** Available data **
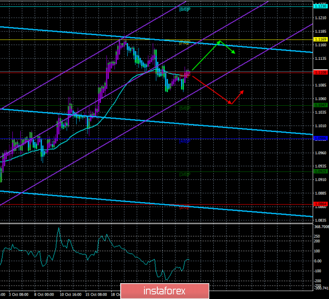 Обзор EUR/USD. 23 октября. Прогноз по системе «Каналы регрессии». Фундаментальный штиль продолжается.
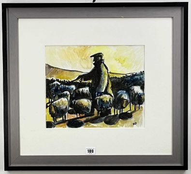 KARL DAVIES watercolour - shepherd and flock, signed with initials, dated verso 2008
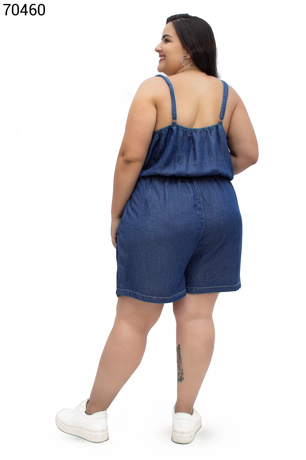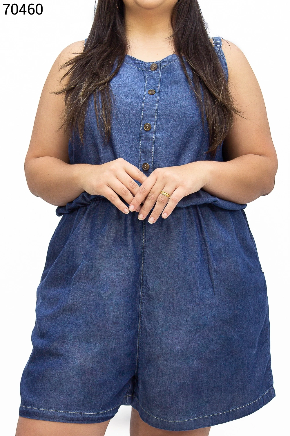 Macaquinho Feminino Plus com Alça e Elástico Jeans - 70460
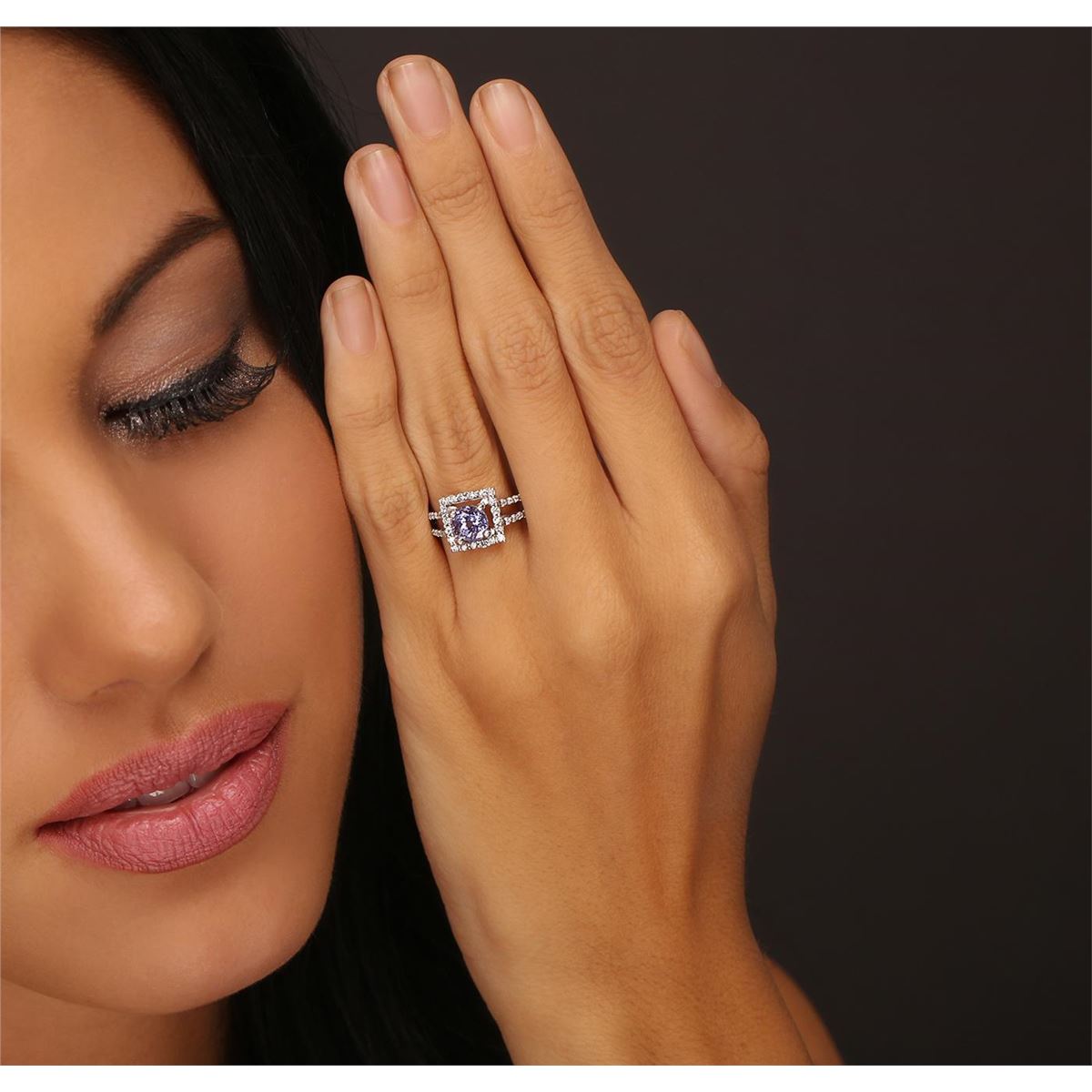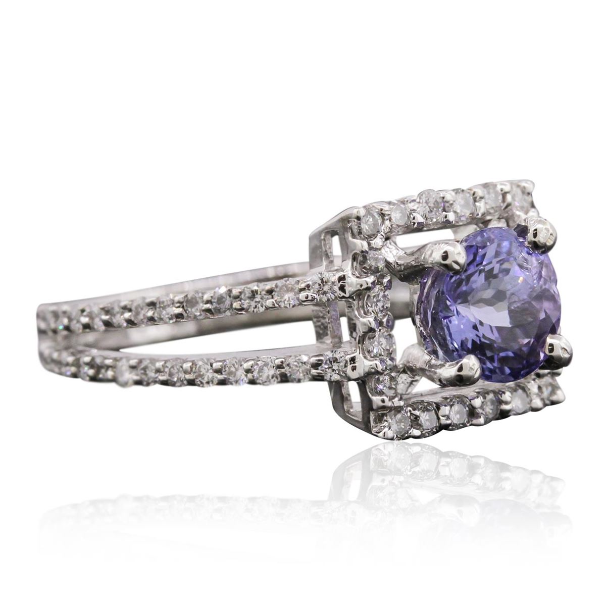 One electronically tested 18KT white gold Ladies combination cast & assembled ring with a bright polish finish. Condition is new. Identified with markings of "18K". Containing: One prong set round modified brilliant cut natural tanzanite, measuring 6.50 - 6.50 x 5.00 mm, approximate weight of 1.42ct., clarity is eye clean, type I, medium light, very slightly grayish, violet color, (GIA V 4/3), cut is good. Colored gemstones are presumed to have been subjected to commonly used color/clarity enhancement processes. Seventy-Six prong set round brilliant cut diamonds, measuring 1.30 - 1.30 x 0.78mm (depth est.) approximate. Total Weight of 76 Stones = 0.61ct. Clarity: I-1 to I-2. Color: I - J, Cut is Good. Total Weight of Colored Stones 1.42ct. Total Weight of Diamonds 0.61ct. Total Weight of Ring 4.90 grams. GGL Appraised at $5,665.00.
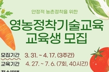 진안군은 신규농업인 및 예비 귀농‧귀촌인을 대상으로 하는 ‘2026 영농정착기술교육’ 교육생을 모집한다. 이 교육은 귀농‧귀촌에 필요한 체계적인 기초 영농기술교육과 선도 농가의 농업정보를 공유함으로써 안정적인 농업‧농촌 정착을 돕기 위해 추진된다. 모집대상은 진안군으로 귀농‧귀촌을 희망하는 신규농업인이거나, 청년농을 비롯한 교육에 관심있는 모든 진안군민이며, 4월 17일까지 온라인 접수 및 방문 접수로 신청하면 된다. 교육 기간은 4월 27일부터 7월 6일까지 기간 중 7회(총 40시간)에 걸쳐 농업 법률상식, 세무회계 실무, 작목별 선도농장 견학, 농기계 실습, 농업 경영계획 수립 등 이론 교육과 현장 교육을 병행하여 운영된다. 농업기술센터 노금선 소장은 "이번 교육이 신규 농업인과 예비 귀농‧귀촌인들이 안정적으로 정착할 수 있도록 현실성 있는 교육 프로그램을 제공하여 다양한 영농 기술 습득과 정보를 공유함으로써, 성공적인 영농정착계획을 수립할 수 있도록 적극 지원하겠다”라고 밝혔다. 교육에 대한 자세한 사항은 진안군농업기술센터 홈페이지에서 확인할 수 있으며 농촌지원과 농업인육성팀(063-430-8623)으로 문의하면 된다.
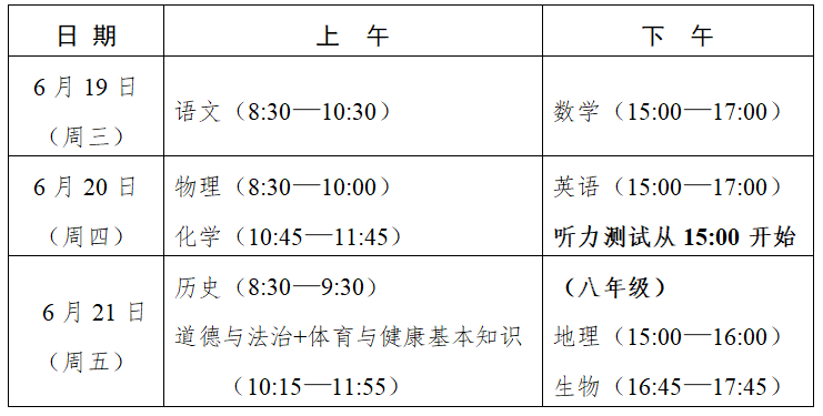 1.省级统一考试。2024年中考省级统一考试安排在6月19日—21日举行,具体科目考试时间安排如下:
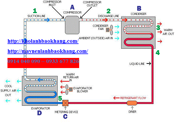 Từ A-D bao gồm nhiều thiết bị khác nhau trong hệ thống lạnh. Số 1–5 chỉ ra nhiều trạng thái vật lý của dòng môi chất lạnh di chuyển trong hệ thống:
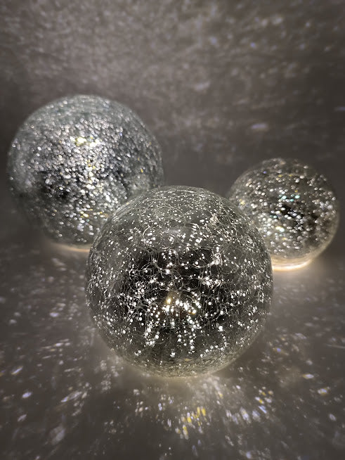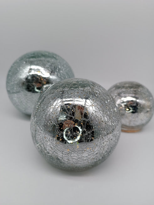 Lámparas / esferas plateadas con luz led blanca fría y temporizador. Medidas: Grande: Ø 15 cm x 14 H / Mediana: Ø 13 x 12 H / Pequeña: Ø 10 x 9 H Pilas incluídas
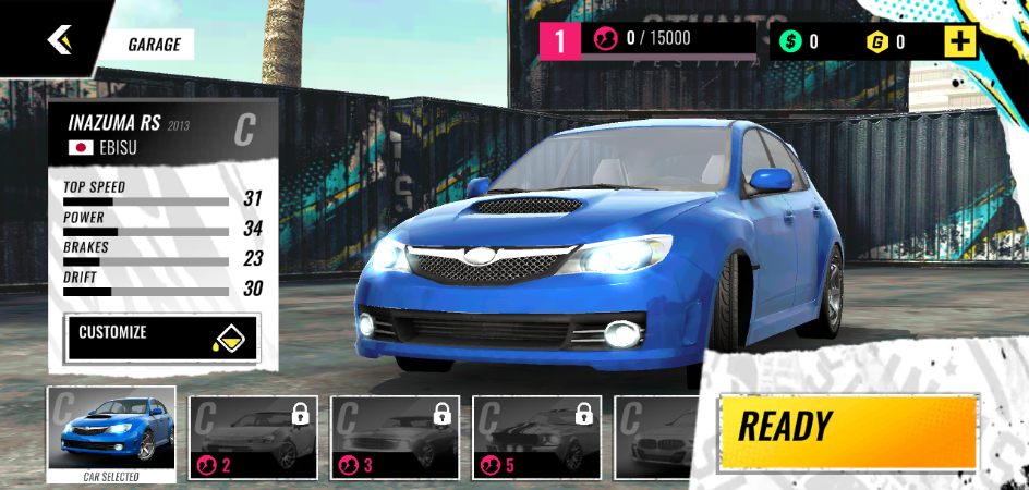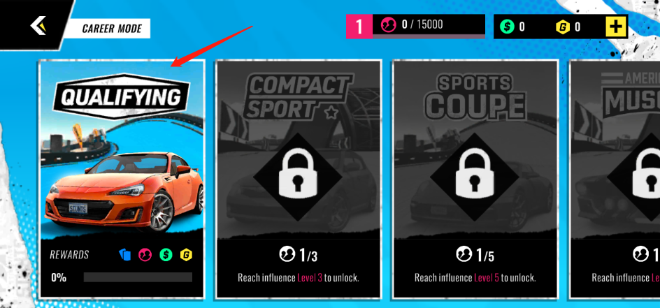 2、然后,在游戏开始前我们可以到车库解锁自己喜欢的赛车,赛车可分别为C、B、A、S等级,但是目前由于资金不足,暂时只有一辆车;然后直接点击右下角的黄色按钮会回到主页面,然后点击你想要玩的模式,这里选择的是职业模式;
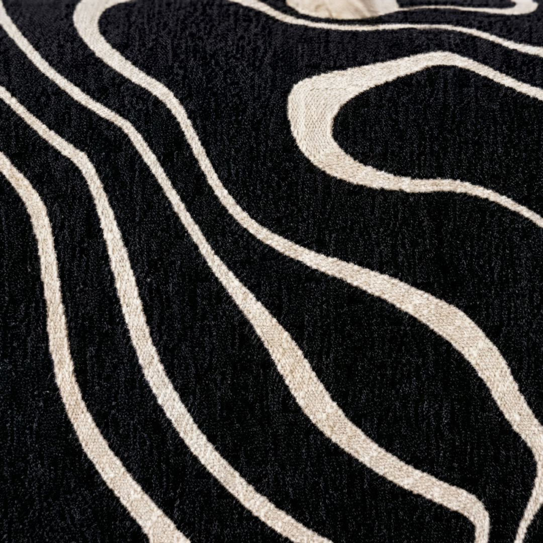 The graphic composition adds depth and character while maintaining a structured, architectural presence that feels intentional and refined.
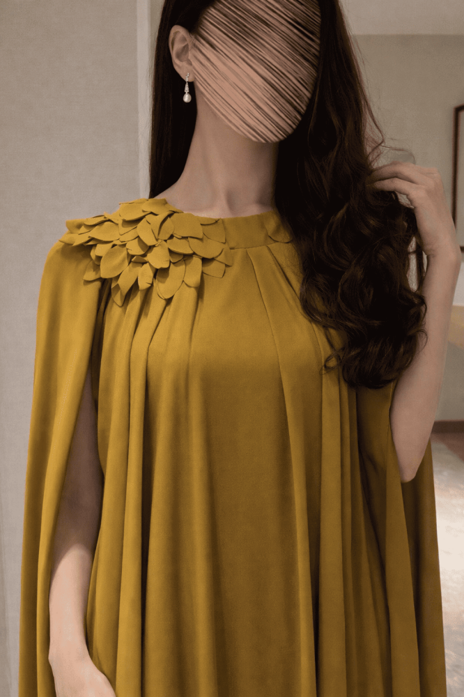 فستان سهرة أنيق يجسد الفخامة الهادئة بأسلوب عصري راقٍ. يأتي بلون موستارد دافئ يضفي إشراقة ناعمة على البشرة، مع قصة واسعة تنساب بسلاسة لتمنحك راحة وأناقة في آن واحد. يتميز بتصميم كاب متصل بالأكمام ينسدل برقة، مما يضفي لمسة ملكية وحضوراً لافتاً.
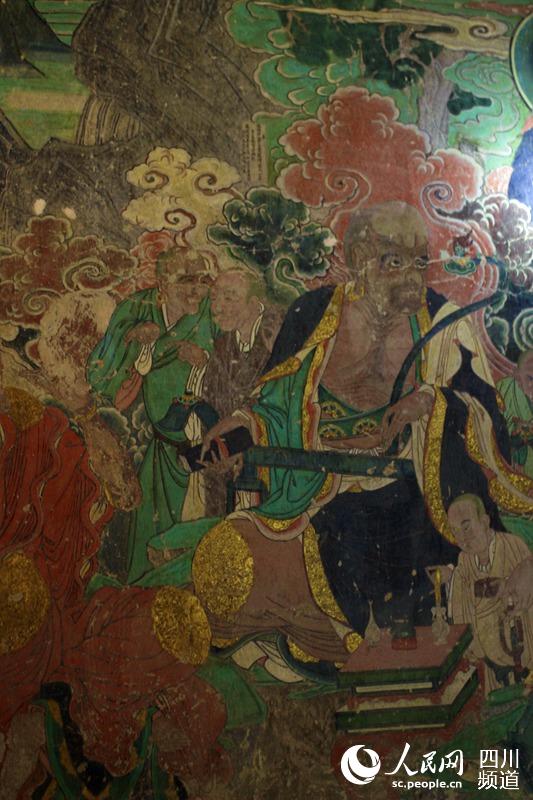 “宝梵壁画作为四川四大壁画之一,距今已有530多年历史。”蓬溪县文广局局长代文益告诉记者,宝梵壁画为工笔重彩贴金彩绘,笔法灵动飘举,人物栩栩如生,用色经久不衰,美术界评论它“具有唐代吴道子的画风”,即具有“天衣飞扬,满壁风动”的特点。

** Exercise **
Please, without any of the pictures, set down exactly the lines from the beginning of the listing to the line that contains "One electronically tested", inclusive.

** The completed task **
 Обзор EUR/USD. 23 октября. Прогноз по системе «Каналы регрессии». Фундаментальный штиль продолжается.
 KARL DAVIES watercolour - shepherd and flock, signed with initials, dated verso 2008
 Macaquinho Feminino Plus com Alça e Elástico Jeans - 70460
 One electronically tested 18KT white gold Ladies combination cast & assembled ring with a bright polish finish. Condition is new. Identified with markings of "18K". Containing: One prong set round modified brilliant cut natural tanzanite, measuring 6.50 - 6.50 x 5.00 mm, approximate weight of 1.42ct., clarity is eye clean, type I, medium light, very slightly grayish, violet color, (GIA V 4/3), cut is good. Colored gemstones are presumed to have been subjected to commonly used color/clarity enhancement processes. Seventy-Six prong set round brilliant cut diamonds, measuring 1.30 - 1.30 x 0.78mm (depth est.) approximate. Total Weight of 76 Stones = 0.61ct. Clarity: I-1 to I-2. Color: I - J, Cut is Good. Total Weight of Colored Stones 1.42ct. Total Weight of Diamonds 0.61ct. Total Weight of Ring 4.90 grams. GGL Appraised at $5,665.00.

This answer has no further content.